╭─ DATASET SECTION

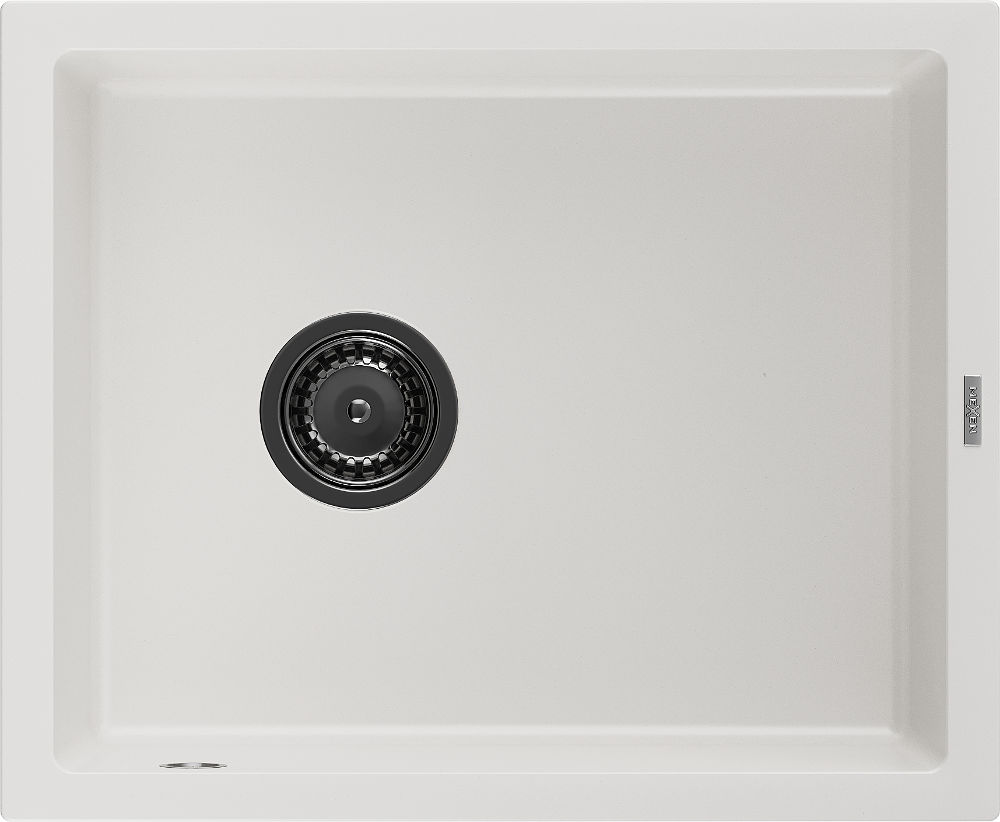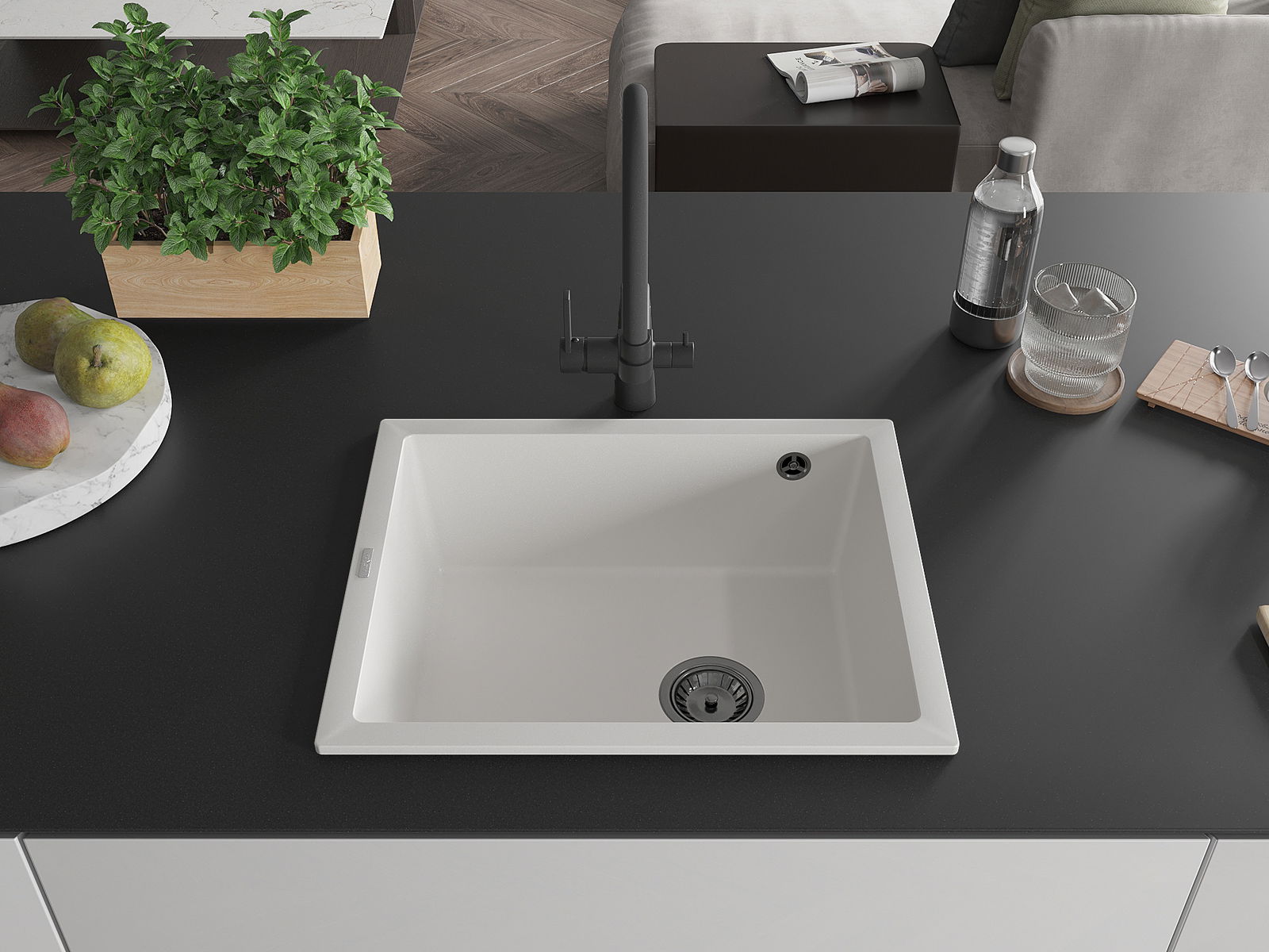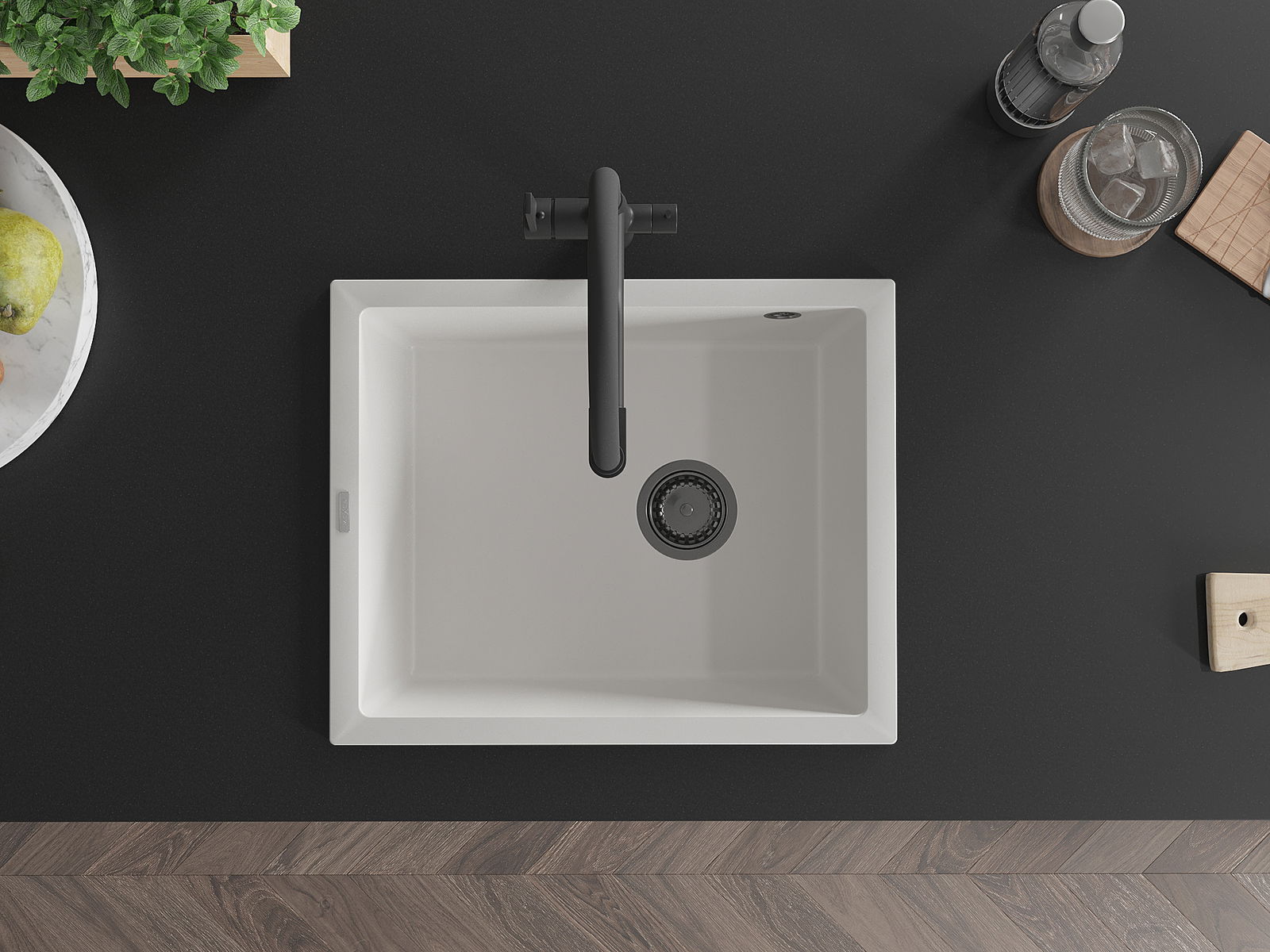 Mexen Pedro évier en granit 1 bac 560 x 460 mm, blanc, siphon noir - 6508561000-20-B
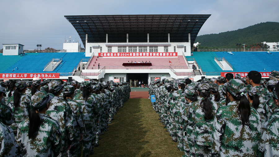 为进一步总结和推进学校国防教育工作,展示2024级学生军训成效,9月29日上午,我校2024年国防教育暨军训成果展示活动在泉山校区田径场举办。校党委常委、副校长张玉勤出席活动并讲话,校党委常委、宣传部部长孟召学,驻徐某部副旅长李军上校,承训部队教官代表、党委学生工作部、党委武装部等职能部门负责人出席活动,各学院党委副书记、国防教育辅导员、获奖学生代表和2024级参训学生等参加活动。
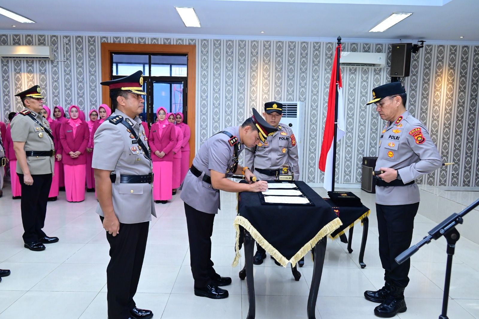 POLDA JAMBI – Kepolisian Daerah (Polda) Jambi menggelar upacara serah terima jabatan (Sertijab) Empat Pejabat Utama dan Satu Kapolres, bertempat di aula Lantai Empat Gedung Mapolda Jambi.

╰─

• WHAT THIS TASK INVOLVES: The data above must be given back verbatim, minus its images.

• REPLY TO THE TASK:
 Mexen Pedro évier en granit 1 bac 560 x 460 mm, blanc, siphon noir - 6508561000-20-B
 为进一步总结和推进学校国防教育工作,展示2024级学生军训成效,9月29日上午,我校2024年国防教育暨军训成果展示活动在泉山校区田径场举办。校党委常委、副校长张玉勤出席活动并讲话,校党委常委、宣传部部长孟召学,驻徐某部副旅长李军上校,承训部队教官代表、党委学生工作部、党委武装部等职能部门负责人出席活动,各学院党委副书记、国防教育辅导员、获奖学生代表和2024级参训学生等参加活动。
 POLDA JAMBI – Kepolisian Daerah (Polda) Jambi menggelar upacara serah terima jabatan (Sertijab) Empat Pejabat Utama dan Satu Kapolres, bertempat di aula Lantai Empat Gedung Mapolda Jambi.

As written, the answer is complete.